Print is not a dying industry, but it is one that is starting to become more specialized rather than universal. The role you'll fulfill for your customers is different today than it was even a few years ago. No doubt you've observed this change, and it's likely you've either already adjusted your selling tactics to match or are about to do so.
Surviving and thriving in the print industry as it now stands means meeting customers on their own terms. There's no way to turn back the clock to a time when they needed paper or other printed goods for every communication need. It's time to lend an ear to customer worries and needs and become a valued partner. Everything can play into this customer mindset, from your product lineup to the technology you use.
Web print as an advantage
One of the most important points on the road to a achieving a more customer-centric line of print offerings is framing every element of your company in terms of whether your clients will care about it. This is something to think about when you are acquiring new technologies or materials from dealers and when you're formulating marketing plans. As frequent WhatTheyThink columnist Jennifer Matt recently pointed out, even your web-to-print features should be managed with the end user in mind.
Matt specified that ease of use is the key to a good online experience. Thinking about how many steps it takes to receive an order from your company is a good way to start. If people have to go through several rounds of interaction to perform even simple steps, the system may need a re-think. After all, this is the digital age. Matt pointed out that web-first services such as Amazon have wiped out the previous generation of supposedly efficient retail businesses. With highly efficient self-service experiences now the default, a web-to-print option that seems mired in a past age isn't likely to wow customers or encourage them to come back.
This web baseline is important to remember for another reason: Buyers have become more lax about when they make purchases. Matt explained that people no longer think in terms of whether a company is "open" at the hour they are interacting with it, or whether it is near them. They just want the order to go through and to receive the product in a timely fashion. If simple functions in your web-to-print interface require communications from your team, you have reinstated the concept of business hours, which may be inconvenient to clients who want a 24/7 e-commerce type of print ordering experience.
If your company is smaller, dealing primarily with a local clientele, you may believe (or hope) you are immune to this need to modernize your web offerings. Not so, according to Matt. She explained that, unless you offer reliable and efficient online print buying, you may find yourself losing customers to companies that are based far away but are still more convenient. Once again, Amazon is the example to remember. The way it dealt mortal blows to many local bookstores is a still-resonant lesson when it comes to selling products and services of all sorts, print being no exception.
Accurate customer feedback
The above imperative – to make your offerings easier and more efficient to suit customer preferences – is based on knowing what those shoppers want. While some improvements are obvious, others may be more nuanced, and one thing you shouldn't do is assume you know intrinsically what your audience wants. Printing Impressions contributor Bill Farquahrson recently described the horror scenarios when companies modernize based on what they think their clients need rather than what they are actually interested in.

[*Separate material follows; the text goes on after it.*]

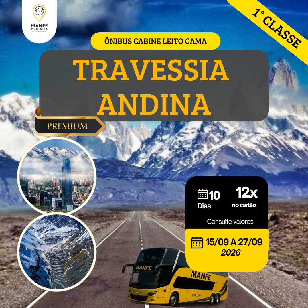 18/09 - MENDOZA ARG X SANTIAGO CHI (365 KM): Após o café da manhã desocuparemos o hotel, neste dia realizaremos a cruzada da Cordilheira dos Andes, passando por Los Penitentes, Puento Del Inca, mirador do Aconcágua, Las Cuevas, travessia do túnel binacional Cristo Redentor, a 3.200 mts de altitude e ingresso no território Chileno passando pelo importante centro de esqui em PORTILLO e a magnífica descida dos CARACOLES (Parada para trâmites aduaneiros). Chegada a tardinha em SANTIAGO diretamente ao hotel. Noite livre. Pernoite em Santiago.

The author gave a pertinent example: An email provider he uses made a change to its interface, making it less useful and causing problems for longtime clients. If it had a better grasp of the actual way its product is being used today, the company would have likely made very different choices. This is the risk that print providers run when setting up new ordering systems.
Becoming more efficient is hugely important, but if the new features contradict the way the system actually works for users, the response may be more puzzled and unhappy than grateful. Every client base is different, so learning from your particular buyers is much better than taking a general look at the industry space.
So, Farquahrson noted, you have to learn to think like your clients do. How have they implemented your print products in the marketing campaigns and other ongoing strategies? What are they trying to accomplish, short- and long-term? If you work on your offerings with these endpoints in mind, you'll be more likely to implement relevant changes to your web-to-print and other interfaces. The customer has to be there in spirit when you create new and revised solutions. Failure to consider this mindset may lead to sustained problems.